Packets of Interest (2015-07-24)
I've been doing a lot of reading and video watching on securing industrial control and automation systems (ICAS) (sometimes referred to as SCADA systems) so this POI has a few links related to that and ends with a link to an editorial piece about privacy and why privacy matters to us all.
SCADA and ICS for Security Experts: How to avoid Cyberdouchery (Blackhat 2010)⌗
This is a funny but also educational and truthful presentation by James Arlen that every IT person needs to watch if they intent to work with and gain any credibility with their counterparts in Operations Technology (OT).
Digital Bond Quickdraw SCADA IDS Signatures⌗
Quickdraw is a set of IDS/IPS signatures for Snort (and other IDS/IPS software that understands the Snort rule language) that deals specifically with ICAS protocols such as DNP3, Modbus/TCP, and EtherNet/IP. The rules appear to be generic in nature and not focused on any particular ICAS vendor equipment.
Digital Bond also wrote Snort preprocessors for DNP3, EtherNet/IP, and Modbus/TCP which some of the rules depend on. I tried browsing through Digital Bond's diffs to Snort 220.127.116.11 but they are very hard to read because the diffs were generated in an unclean source tree. Because of this, I didn't put much effort into comparing their preprocessors with the native DNP3 and Modbus/TCP preprocessors which have been a part of Snort since 2.9.2. It's unclear to me whether Digital Bond's signatures will work out of the box with the native Snort preprocessors.
Digital Bond Bandolier⌗
Bandolier is a set of audit files for the Nessus vulnerability scanner that are focused on SCADA and DCS servers and workstations. The audit checks are developed by Digital Bond in conjunction with the ICS vendors which include ABB, Emerson, Matrikon, OSIsoft, Siemens, and Telvent (Schneider). Depending on which vendor, there are audit files for engineering workstations, operator workstations, application servers and historians.

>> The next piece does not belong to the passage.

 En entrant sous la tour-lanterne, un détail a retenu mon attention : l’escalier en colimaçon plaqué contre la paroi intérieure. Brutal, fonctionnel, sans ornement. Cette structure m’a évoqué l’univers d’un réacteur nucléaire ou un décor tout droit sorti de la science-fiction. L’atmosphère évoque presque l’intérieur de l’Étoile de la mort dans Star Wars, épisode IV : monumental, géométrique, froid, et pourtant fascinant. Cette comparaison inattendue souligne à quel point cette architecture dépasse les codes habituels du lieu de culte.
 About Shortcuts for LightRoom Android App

When the audit files are loaded into Nessus, a "low impact" scan is performed to assess the security posture of the workstations and servers relative to what the audit files say the posture should be.
A Sidebar on Digital Bond⌗
I don't have any affiliation with them. I read about them in a book.
It doesn't look like their Snort signatures or Nessus audit files files have been updated recently. However, I believe they're still interesting.
- They're an interesting source of information for IT folks to learn about securing various ICS vendor systems
- ICAS systems stay in production for decades so unlike in the IT world, there's still good value in being able to audit and secure older software systems because they absolutely are still out there today
- Some (many?) of the application level checks in the Nessus audit files are likely still relevant in more current versions of the software
- The Snort rules for the ICAS protocols are just as relevant now as they were when they were created
If you've got nothing to hide⌗
A great editorial written by a fellow named Jacques Mattheij on why privacy really does matter, even if you think you have nothing to hide. This is a very relevant topic right now due to the threat that everyone's privacy is under as our lives become more and more digital.
Disclaimer: The opinions and information expressed in this blog article are my own and not necessarily those of Cisco Systems.